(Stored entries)
· · · · ·

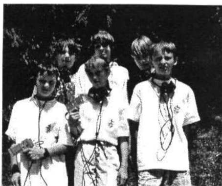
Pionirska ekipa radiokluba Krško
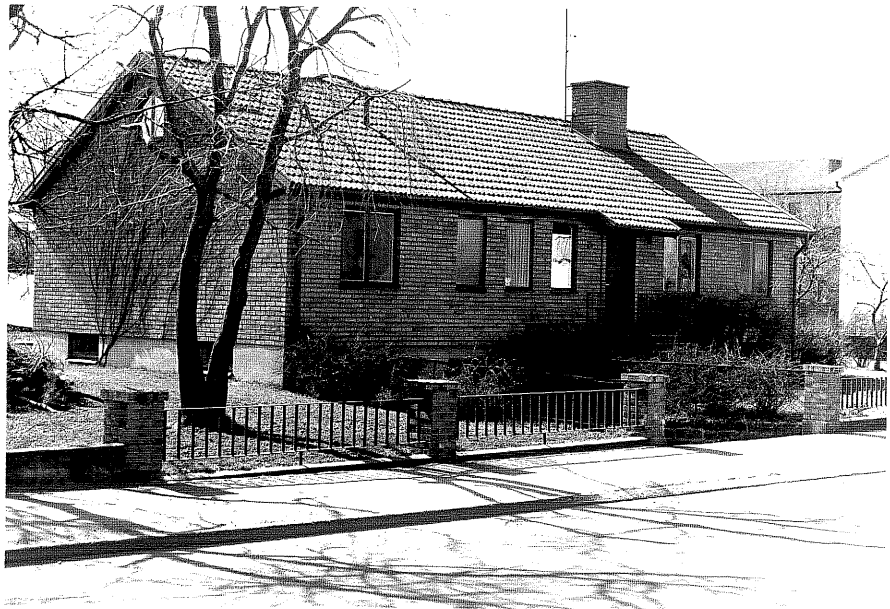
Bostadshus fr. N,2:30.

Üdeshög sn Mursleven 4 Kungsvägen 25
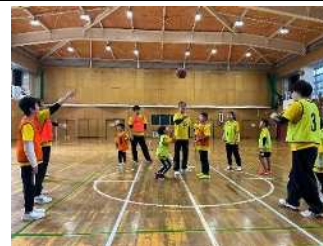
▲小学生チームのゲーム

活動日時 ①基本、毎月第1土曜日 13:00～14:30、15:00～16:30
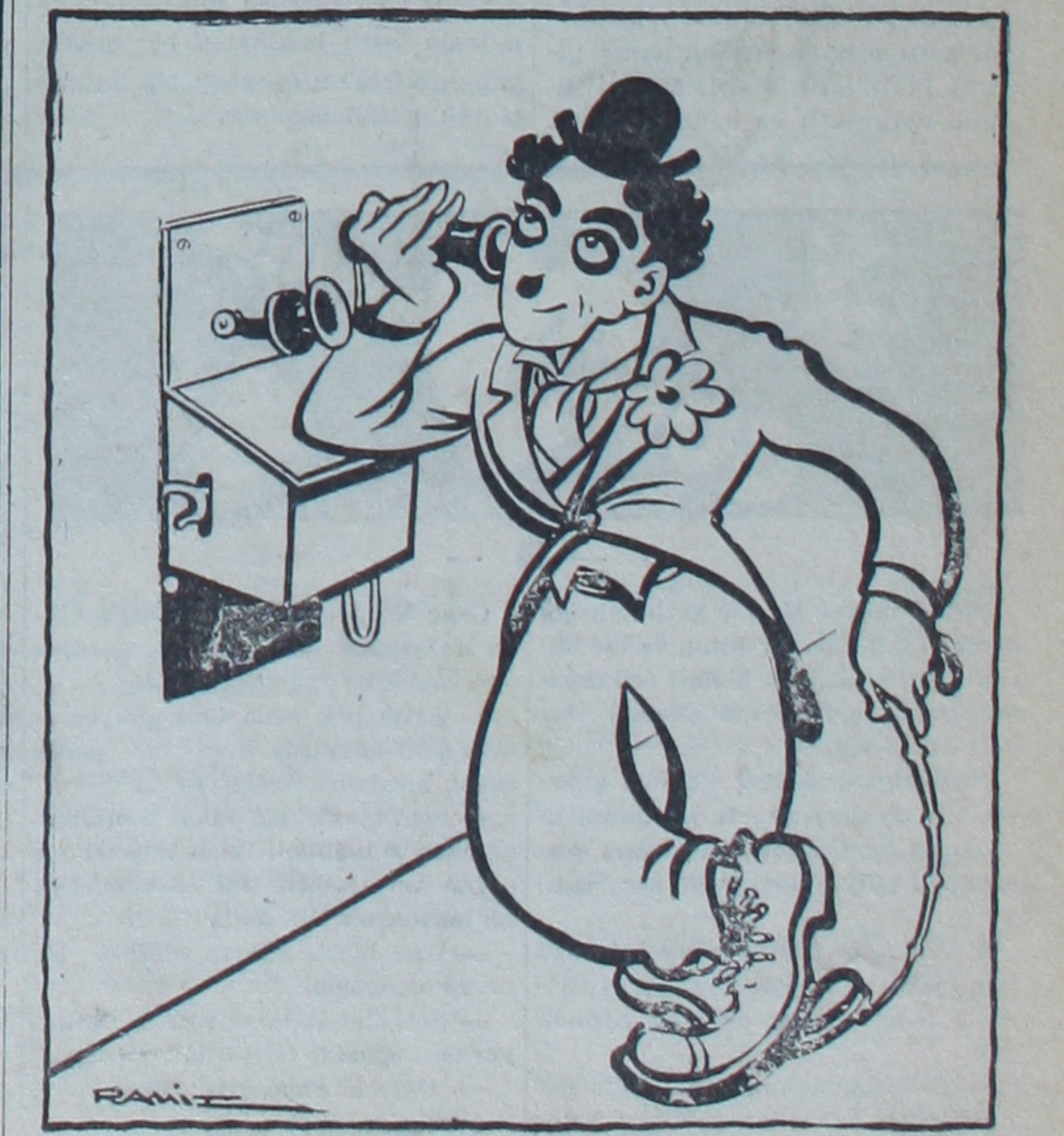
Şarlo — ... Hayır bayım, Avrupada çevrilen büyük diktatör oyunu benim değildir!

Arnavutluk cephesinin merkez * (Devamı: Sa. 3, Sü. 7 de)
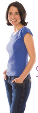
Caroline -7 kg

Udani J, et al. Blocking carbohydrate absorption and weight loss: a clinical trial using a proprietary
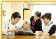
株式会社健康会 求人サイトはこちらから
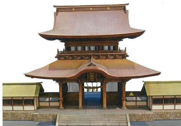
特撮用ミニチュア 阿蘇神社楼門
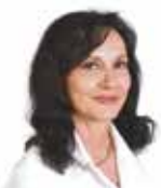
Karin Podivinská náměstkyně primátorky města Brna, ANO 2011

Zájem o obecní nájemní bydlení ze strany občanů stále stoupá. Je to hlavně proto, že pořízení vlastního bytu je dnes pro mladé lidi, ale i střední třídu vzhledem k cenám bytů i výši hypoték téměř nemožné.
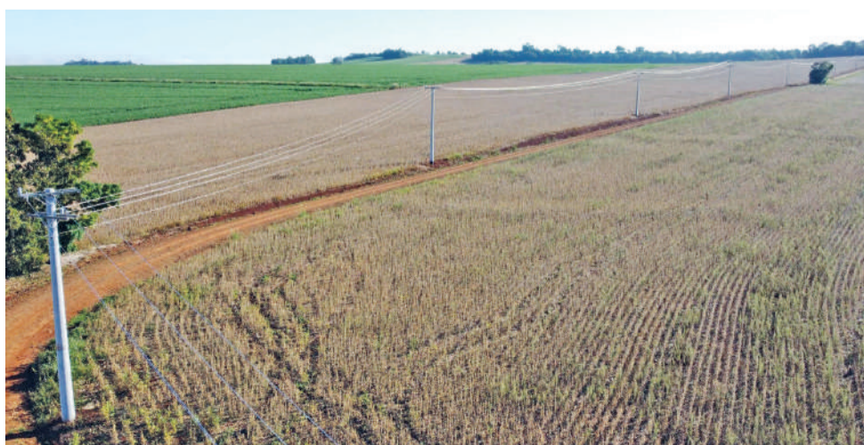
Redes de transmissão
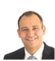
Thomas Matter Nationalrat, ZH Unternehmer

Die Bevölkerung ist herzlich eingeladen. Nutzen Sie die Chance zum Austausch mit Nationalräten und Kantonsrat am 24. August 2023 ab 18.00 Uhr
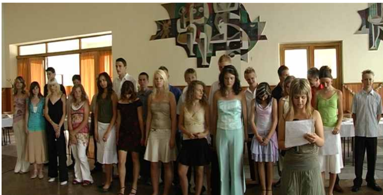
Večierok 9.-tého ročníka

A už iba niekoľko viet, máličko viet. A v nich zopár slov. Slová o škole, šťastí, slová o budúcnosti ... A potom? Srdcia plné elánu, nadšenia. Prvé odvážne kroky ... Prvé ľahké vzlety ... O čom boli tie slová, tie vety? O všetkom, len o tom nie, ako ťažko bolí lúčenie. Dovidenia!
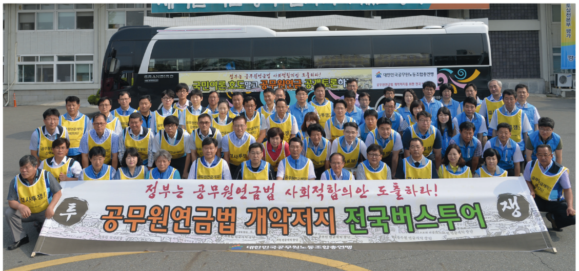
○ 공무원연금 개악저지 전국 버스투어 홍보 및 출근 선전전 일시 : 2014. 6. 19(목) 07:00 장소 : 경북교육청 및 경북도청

· · · · ·

- What you need to do -
Return exactly, and only, the lines that run from the line containing "Bostadshus fr. N,2:30." to the last line of the entries above, both ends included, with pictures left out.

- Response -
Bostadshus fr. N,2:30.

Üdeshög sn Mursleven 4 Kungsvägen 25
▲小学生チームのゲーム

活動日時 ①基本、毎月第1土曜日 13:00～14:30、15:00～16:30
Şarlo — ... Hayır bayım, Avrupada çevrilen büyük diktatör oyunu benim değildir!

Arnavutluk cephesinin merkez * (Devamı: Sa. 3, Sü. 7 de)
Caroline -7 kg

Udani J, et al. Blocking carbohydrate absorption and weight loss: a clinical trial using a proprietary
株式会社健康会 求人サイトはこちらから
特撮用ミニチュア 阿蘇神社楼門
Karin Podivinská náměstkyně primátorky města Brna, ANO 2011

Zájem o obecní nájemní bydlení ze strany občanů stále stoupá. Je to hlavně proto, že pořízení vlastního bytu je dnes pro mladé lidi, ale i střední třídu vzhledem k cenám bytů i výši hypoték téměř nemožné.
Redes de transmissão
Thomas Matter Nationalrat, ZH Unternehmer

Die Bevölkerung ist herzlich eingeladen. Nutzen Sie die Chance zum Austausch mit Nationalräten und Kantonsrat am 24. August 2023 ab 18.00 Uhr
Večierok 9.-tého ročníka

A už iba niekoľko viet, máličko viet. A v nich zopár slov. Slová o škole, šťastí, slová o budúcnosti ... A potom? Srdcia plné elánu, nadšenia. Prvé odvážne kroky ... Prvé ľahké vzlety ... O čom boli tie slová, tie vety? O všetkom, len o tom nie, ako ťažko bolí lúčenie. Dovidenia!
○ 공무원연금 개악저지 전국 버스투어 홍보 및 출근 선전전 일시 : 2014. 6. 19(목) 07:00 장소 : 경북교육청 및 경북도청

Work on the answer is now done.